Restate all of the entries exactly. Any picture in them should be skipped.

·····

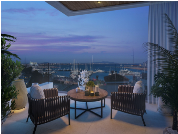
Balcony with a view by night
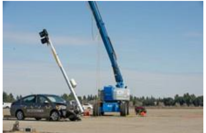
Image 3: Test 430MASH3C17-01 Small Car 31 MPH Impact (March 7, 2018)
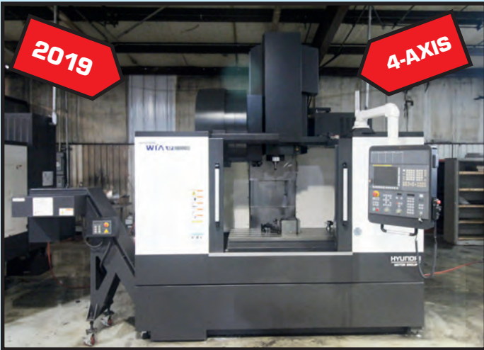
HYUNDAI WIA MDL. KF-5600C 4-AXIS VERTICAL MACHINING CENTER

DAEWOO PUMA 8 , Fanuc Series OT control, 14.6" max. turning dia., 20.7" max. turning length, 6" 3-jaw chuck, 10-pos. turret, (needs repair).
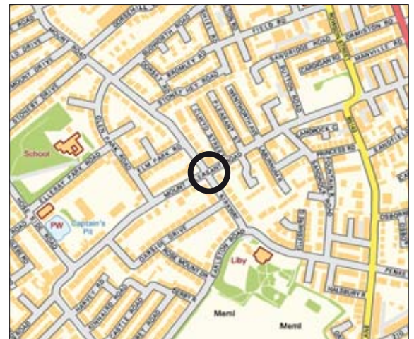
Not to scale. For identification purposes only
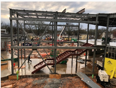
Installation of Monumental Stair
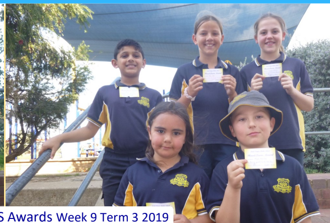
Achievement and Learning @ SWPS Awards Week 9 Term 3 2019

·····

> _WRITTEN SOLUTION_
Balcony with a view by night
Image 3: Test 430MASH3C17-01 Small Car 31 MPH Impact (March 7, 2018)
HYUNDAI WIA MDL. KF-5600C 4-AXIS VERTICAL MACHINING CENTER

DAEWOO PUMA 8 , Fanuc Series OT control, 14.6" max. turning dia., 20.7" max. turning length, 6" 3-jaw chuck, 10-pos. turret, (needs repair).
Not to scale. For identification purposes only
Installation of Monumental Stair
Achievement and Learning @ SWPS Awards Week 9 Term 3 2019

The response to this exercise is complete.